Assessment and findings

Policies and procedures

  1. The landlord’s repairs policy states that the loss of heating and hot water are both classified as emergency repairs and will be attended within twelve hours. If further work is needed, the full repair should be done within three days.

Repairs to the boiler and complaint handling

  1. It took the landlord approximately two months (from 13 January 2022 to 12 March 2022) to fully resolve the issue with the resident’s heating and hot water. However, that period was made up of at least three separate repair reports. The first and second reports were made on 13 and 14 January 2022. As no one attended on 13 January, the resident made a report the following day. The delay from 13 January was due to the report not being sent on to the repairs team when it was made. The third report was made on 3 February, and attended on 11 February. The delay was due to waiting for parts.
  2. Outside of the reports there were several visits made. Most of these visits identified that replacement parts were needed, each of which required up to six days to be obtained and installed. The majority of the landlord’s initial responses to the resident’s reports were within 24 hours, which is the basic standard time frame recommended by the Right to Repair Scheme (using the Scheme as a basic guide and point of reference). The need for replacement parts meant that the landlord’s three-day target could not realistically be met. Nothing in the evidence provided for this investigation indicates that the landlord was in a position to act faster to complete the repairs, or that it was otherwise lax in its handling of them.
  3. The number of visits needed to attend to each repair report, and finally to replace the boiler, was understandably frustrating for the resident. Sometimes the nature and circumstances of a repair means that multiple visits are required to fully identify and resolve it. In this case, the evidence does not show that any of the visits were unnecessary, or were due to any clear failing by the landlord or its contractors.
  4. Nonetheless, the landlord acknowledged that the resident had experienced inconvenience and frustration from its handling of the repairs, as well as increased energy usage from the temporary heater it had provided.
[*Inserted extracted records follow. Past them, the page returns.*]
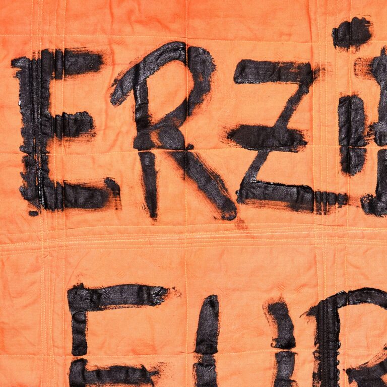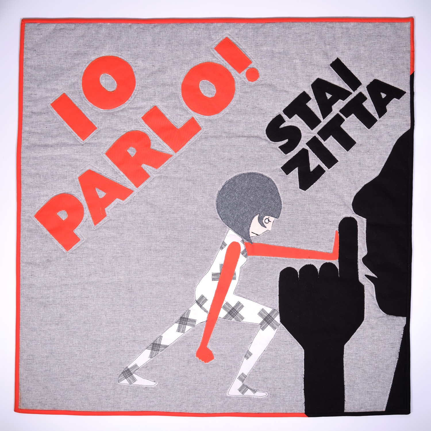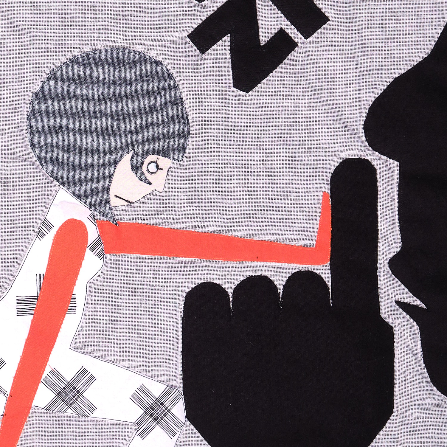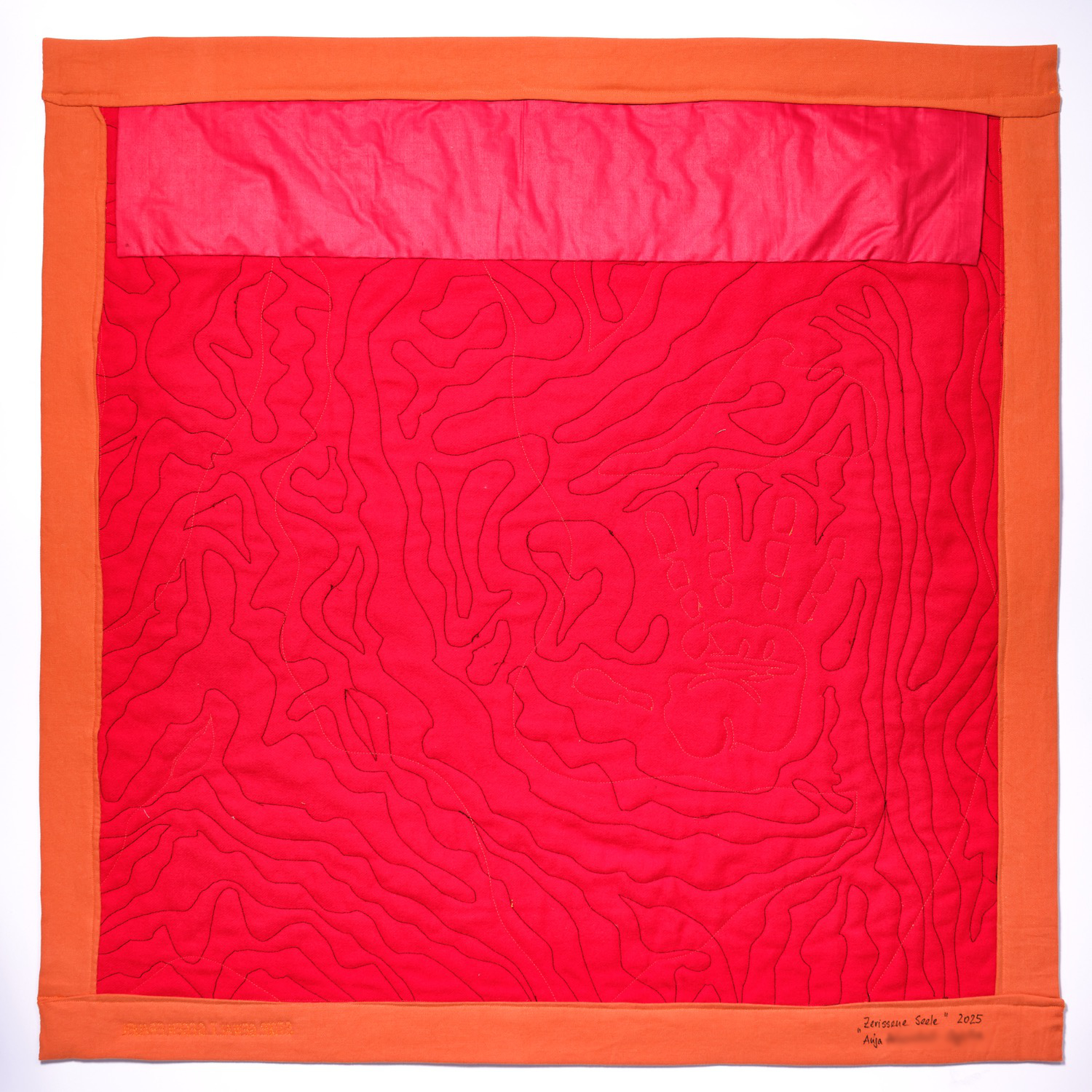 Die orangefarbene Hand erhebt sich als stummer Protest, ein „Stopp“, das zu oft ungehört verhallt. Roter, aufgerissener Stoff steht für sichtbare und unsichtbare Verletzungen. Darunter verbergen sich Schichten aus Wolle, Baumwolle und zerschnittenen Feinstrumpfhosen – zarte, intime Materialien, durchzogen von Schmerz und Erinnerung.
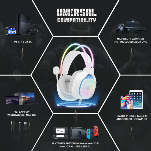 هدست گیمینگ با سیم اونیکوما مدل X22 RGB با لپتاپها، کامپیوترهای خانگی و کنسولهای بازی مانند PS4، PS5 و XBOX سازگاره.
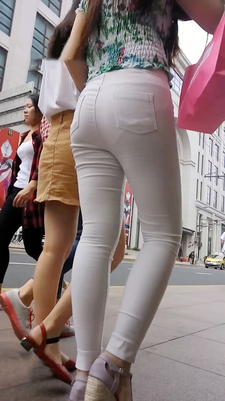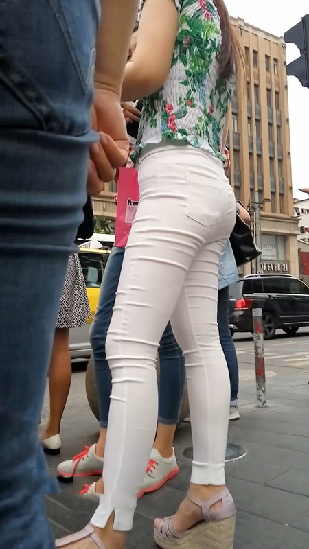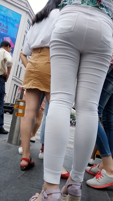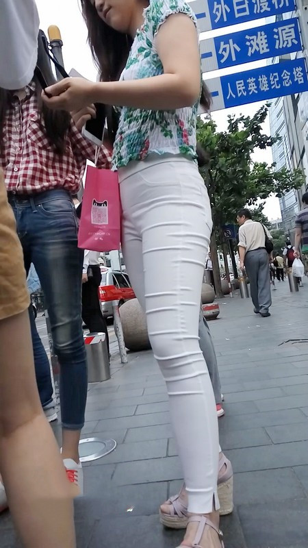 【编号1025】街拍白色紧身裤美女
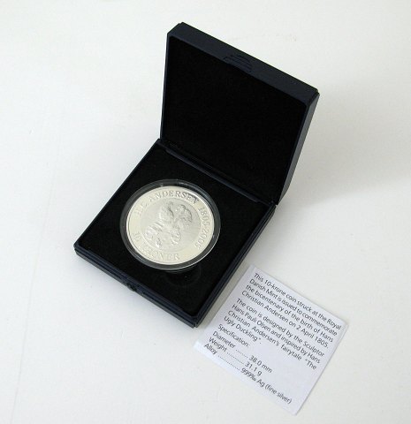 Præget i anledningen af 200 året for H.C. Andersens fødsel. 1 ounce finsølv.
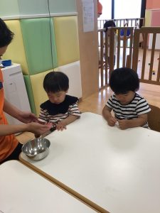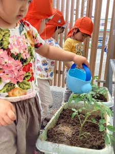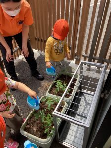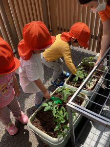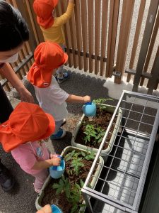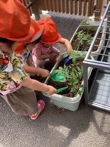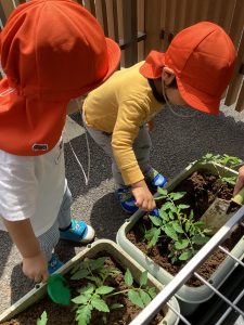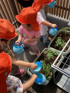 「おおきくなーれー」と早くも出来るのが楽しみなりんご組さんです🤭
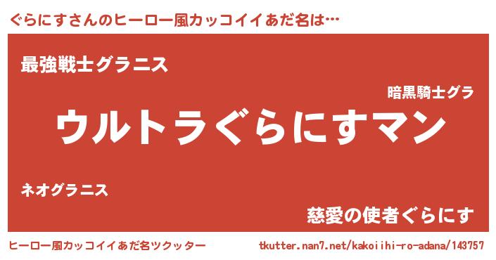 | 意味不明あだ名 | 『ぐらにすフォーエバー』『自称ぐらにす』 |
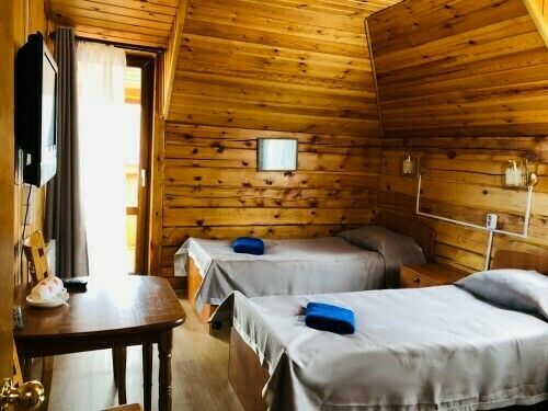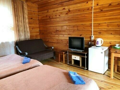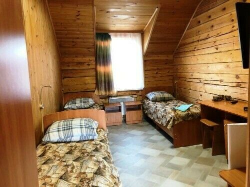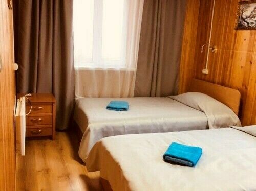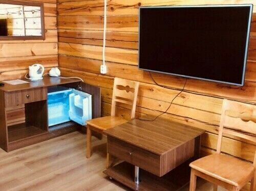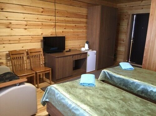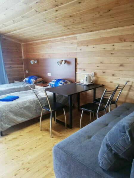 В номере: четыре раздельные односпальные кровати, шкаф, тумбочки, настенный электрообогреватель, стулья, журнальный столик, ТВ, чайник, холодильник.
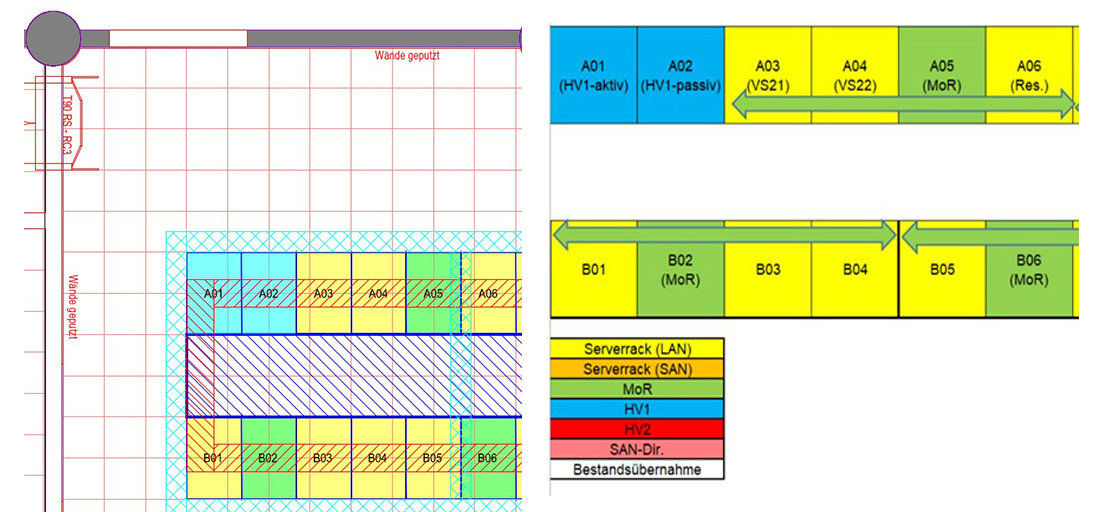 Selbstverständlich wurden alle Racks – inklusive der Kabelführungssysteme – in Form eines „Floor Layout“ und die 19“-Bestückung in Form eines „Rack Layout“ im Grundriss dokumentiert. Das Floor Layout liegt im Idealfall maßstabsgerecht in CAD-Form vor, ein einfaches Schema wird für den Umzug aber auch ausreichen. Insbesondere die schematische Darstellung gibt die Möglichkeit, die wichtigsten Rack-Typen farblich zu kennzeichnen und Versorgungsbereiche von Bereichsverteilern hervorzuheben (im Bild unten: Middle-of-Row-Racks). Eine solche Information schnell ablesen zu können, kann beim Umzug hilfreich sein. (siehe Abbildung 1)
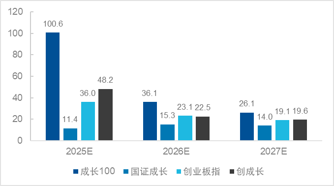 美联储降息为成长股投资注入双重动力。海外方面,降息预期已持续推升风险偏好,历史数据显示,成长股在无风险利率下行环境中弹性大——例如2019年美联储降息后,纳斯达克指数两年内上涨超60%。国内层面,经济企稳与政策支持形成合力:中央政府通过中长期资金入市托底资本市场,市场稳定性增强;同时,无风险收益率持续下行(如国债利率走低),私人部门配置权益资产的必要性上升,为成长股估值提供支撑。当前宏观处于复苏阶段,企业盈利结束三年低迷,有望企稳反弹。成长100指数尤其受益于此:其成分股聚焦高增长赛道,2025年净利润预期增速高于同类指数(数据来源:wind,截至2025/9/24)。

It apologised, and explained in detail how it would seek to improve its repair work order processes. It offered the resident £250 for any extra costs she had incurred (including from a period when she had been unable to regulate or turn down the heating), and a further £250 for the inconvenience caused to her and her family. These remedies were reasonable and proportionate in the circumstances, given an absence of evidence showing the specific level of costs incurred by the resident, and the lack of evidence suggesting the landlord was in a position to resolve the repairs earlier.
  5. The landlord acknowledged that it had not followed the resident’s requests regarding withheld phone numbers. It apologised, and explained how it would amend its processes to provide greater visibility of tenants’ communication preferences. Along with the compensation the landlord offered for the inconvenience caused to the resident, this was a reasonable and appropriate remedy, showing that the landlord had taken the issue seriously and sought meaningful ways in which to avoid the same mistakes occurring again.

Determination (decision)

  1. In accordance with paragraph 53(b) of the Housing Ombudsman Scheme, the landlord has made an offer of redress prior to investigation which, in the Ombudsman’s opinion, resolves the complaint satisfactorily.

Recommendation

  1. This finding is based partly on the landlord completing its compensation offer. If it has not done so already, the landlord should make the £500 payment to the resident within four weeks of this report.